Tue May 7 16:33:07 CEST 2013

On Tue, May 7, 2013 at 6:27 PM, Armin Rigo <arigo at tunes.org> wrote:
> Hi Antoine,
>
> On Tue, May 7, 2013 at 8:25 AM, Antoine Pitrou <solipsis at pitrou.net> wrote:
>> For me, a patch that mandated general-purpose containers (list, dict,
>> etc.) respect object identity would be ok.
>
> Thanks, that's also my opinion.
>
> In PyPy's approach, in trying to emulate CPython vs. trying to
> convince users that "is" is sometimes a bad idea, we might eventually
> end up at the extreme side, which can be seen as where CPython would
> be if it cached *all* ints, longs, floats, complexes, strings,
> unicodes and tuples.
>
> The original question in this thread was about if it's ok for two
> objects x and y to satisfy "x is y" while at the same time "id(x) !=
> id(y)".  I think by now that it would only create more confusion (even
> if only in some very special cases).  We'll continue to maintain the
> invariant then, and if it requires creating extremely large values for
> id(), too bad. (1)

Yeah, I've been trying to come up with a way to phrase the end result
that doesn't make my brain hurt, but I've mostly failed. The details
below are the closest I've come to something that makes sense to me.

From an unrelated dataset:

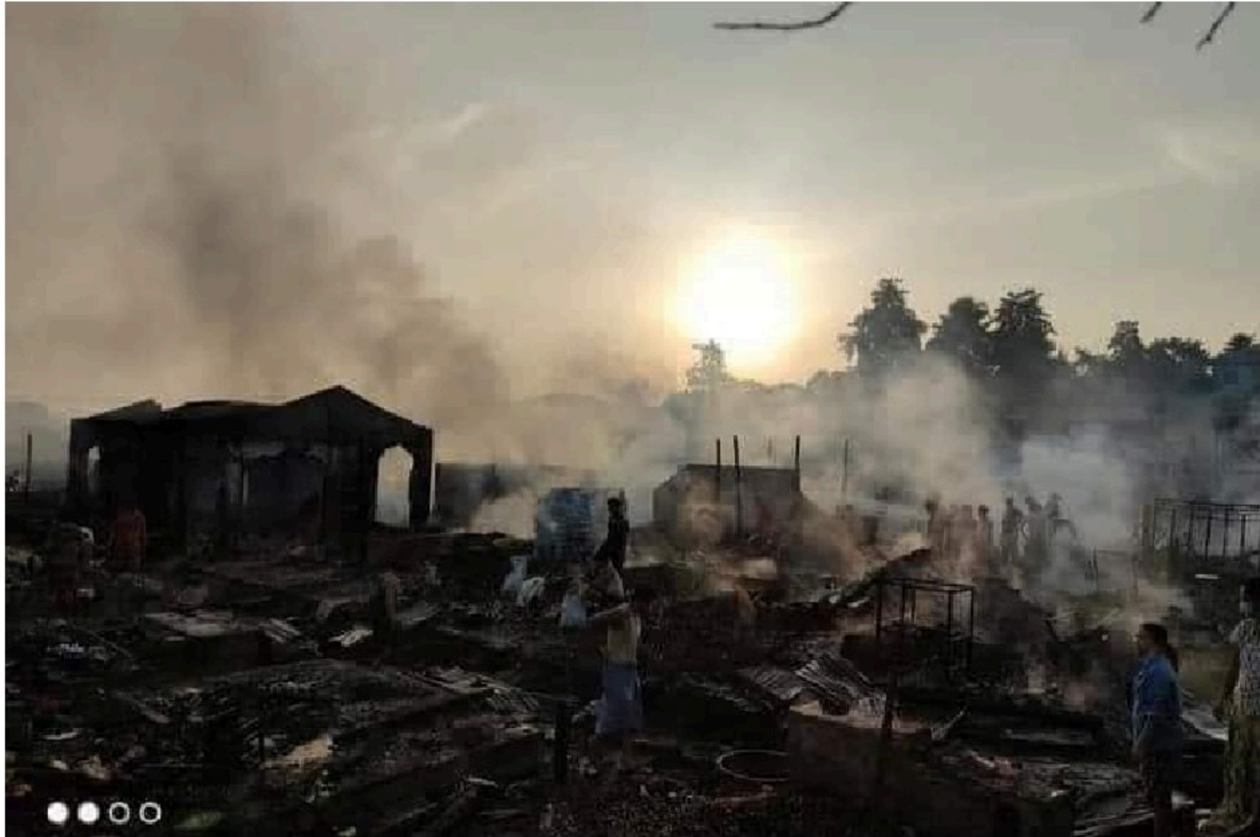
Destruction after heavy shelling and burning by SAC in Demawso

In fact, it is the SAC which has destroyed the roads and bridges, used people as human shields, and destroyed public buildings. It is the KPDF which is protecting their villages' security. Even though SAC suggested that people should find safe shelter, there is no safe place for anyone in the conflict areas. Even when people hid or sheltered in churches and retirement homes, the SAC shot at and broke into these buildings and attacked civilians hiding there. It can clearly be seen that there is no safe place for people in Karenni State.

With equality, the concepts of hashing and value have a clear
relationship: x == y implies hash(x) == hash(y), but there's no
implication going in the other direction. Even if the hashes are the
same, the values may be different (you can have hash(x) == hash(y)
without having x == y).

NaN's aside, you also have the relationship that x is y implies x == y
(and the standard containers assume this). Again, there's no
implication in the other direction. Two objects may be equal, while
having different identities (such as 0 == 0.0 == 0j)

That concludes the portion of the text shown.